Provided data:
↓↓↓

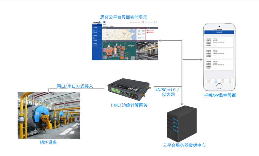 工業(yè)鍋爐一般應(yīng)用于發(fā)電或者供氣等場合,廣泛使用于能源、化工、建材、供暖等行業(yè)。目前工業(yè)鍋爐的專業(yè)性越來越高,對設(shè)備安全的要求也越來越高。需要及時了解設(shè)備的現(xiàn)場運行狀態(tài),實時記錄設(shè)備運行數(shù)據(jù),第一時間能掌握設(shè)備故障,并且可以及時進行售后服務(wù)。另一方面,出于節(jié)能以及精細化管理的需求,需要整理和搜集大量的設(shè)備運行數(shù)據(jù),為設(shè)備的能源管理和節(jié)能改造提供數(shù)據(jù)支持。
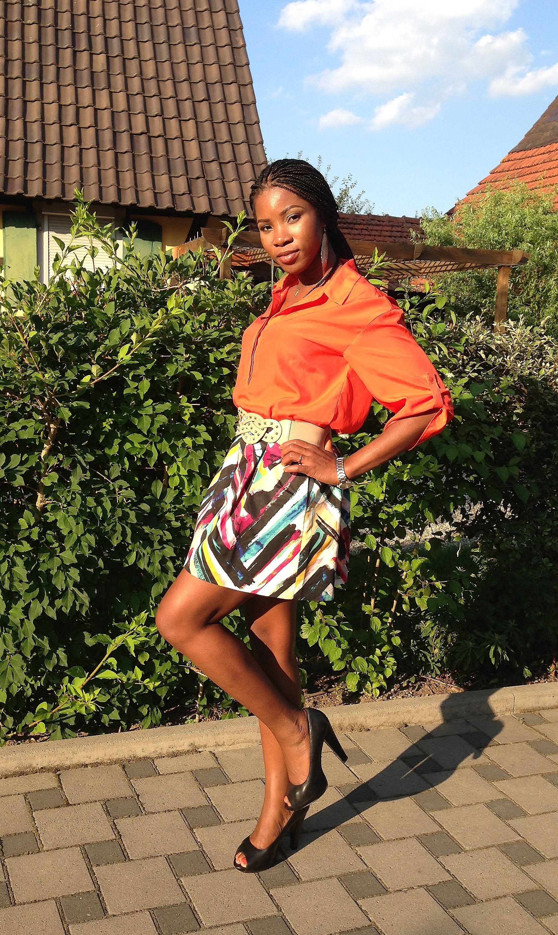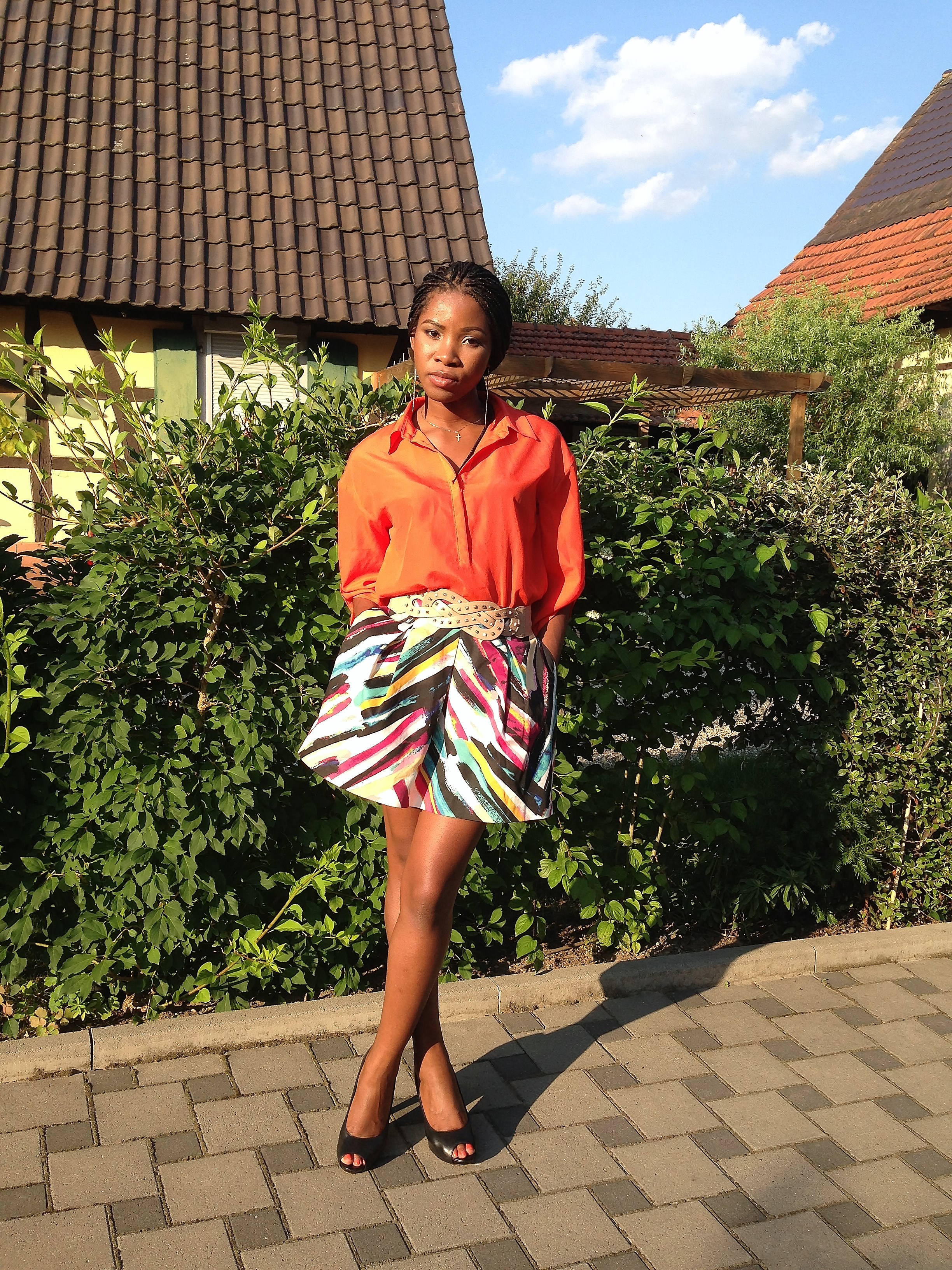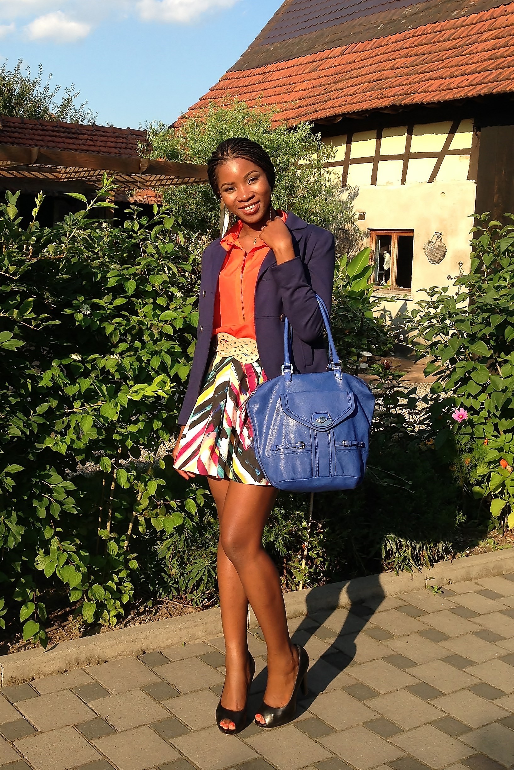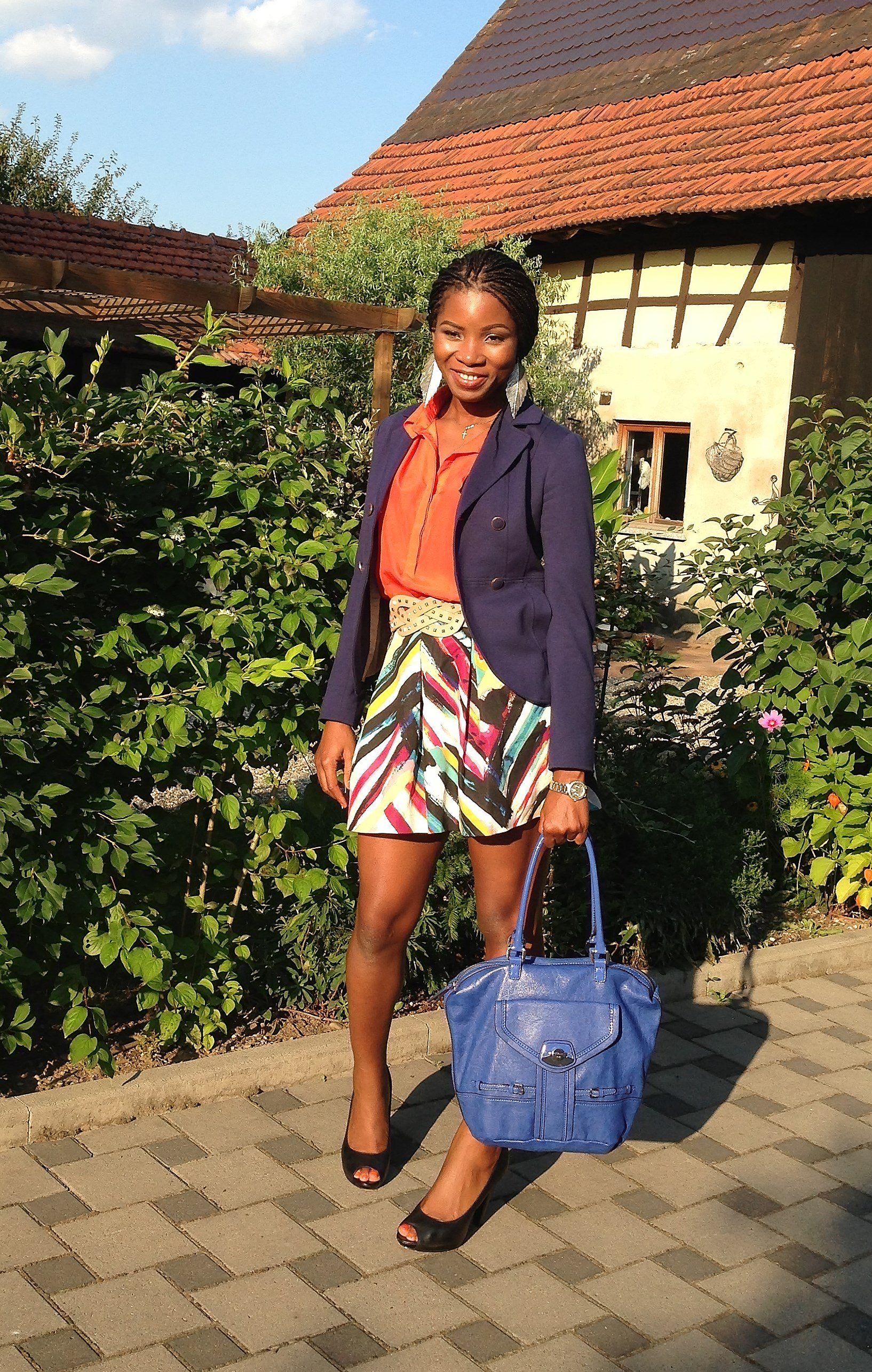 Today’s outfit is bright and loud! Most times, I love to style outfits around statement pieces i.e. shoes, tops or bottoms. For this outfit, the main focus is the skirt and I added the other colours to work with it. I love the pattern and art work on the skirt and I completed the look a blue blazer and a black pumps.
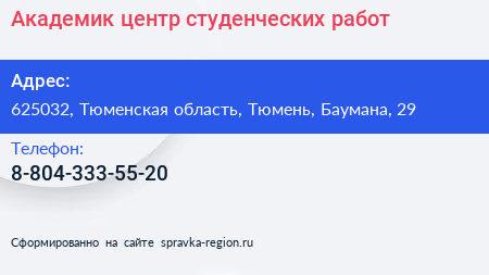 Академик, центр студенческих работ по адресу 625032, Тюменская область, Тюмень, Баумана, 29 в дальнейшем Организация, размещена в следующих категориях:

↑↑↑

Problem:
Leaving images out, please output every line of the data exactly.

Result:
 工業(yè)鍋爐一般應(yīng)用于發(fā)電或者供氣等場合,廣泛使用于能源、化工、建材、供暖等行業(yè)。目前工業(yè)鍋爐的專業(yè)性越來越高,對設(shè)備安全的要求也越來越高。需要及時了解設(shè)備的現(xiàn)場運行狀態(tài),實時記錄設(shè)備運行數(shù)據(jù),第一時間能掌握設(shè)備故障,并且可以及時進行售后服務(wù)。另一方面,出于節(jié)能以及精細化管理的需求,需要整理和搜集大量的設(shè)備運行數(shù)據(jù),為設(shè)備的能源管理和節(jié)能改造提供數(shù)據(jù)支持。
 Today’s outfit is bright and loud! Most times, I love to style outfits around statement pieces i.e. shoes, tops or bottoms. For this outfit, the main focus is the skirt and I added the other colours to work with it. I love the pattern and art work on the skirt and I completed the look a blue blazer and a black pumps.
 Академик, центр студенческих работ по адресу 625032, Тюменская область, Тюмень, Баумана, 29 в дальнейшем Организация, размещена в следующих категориях:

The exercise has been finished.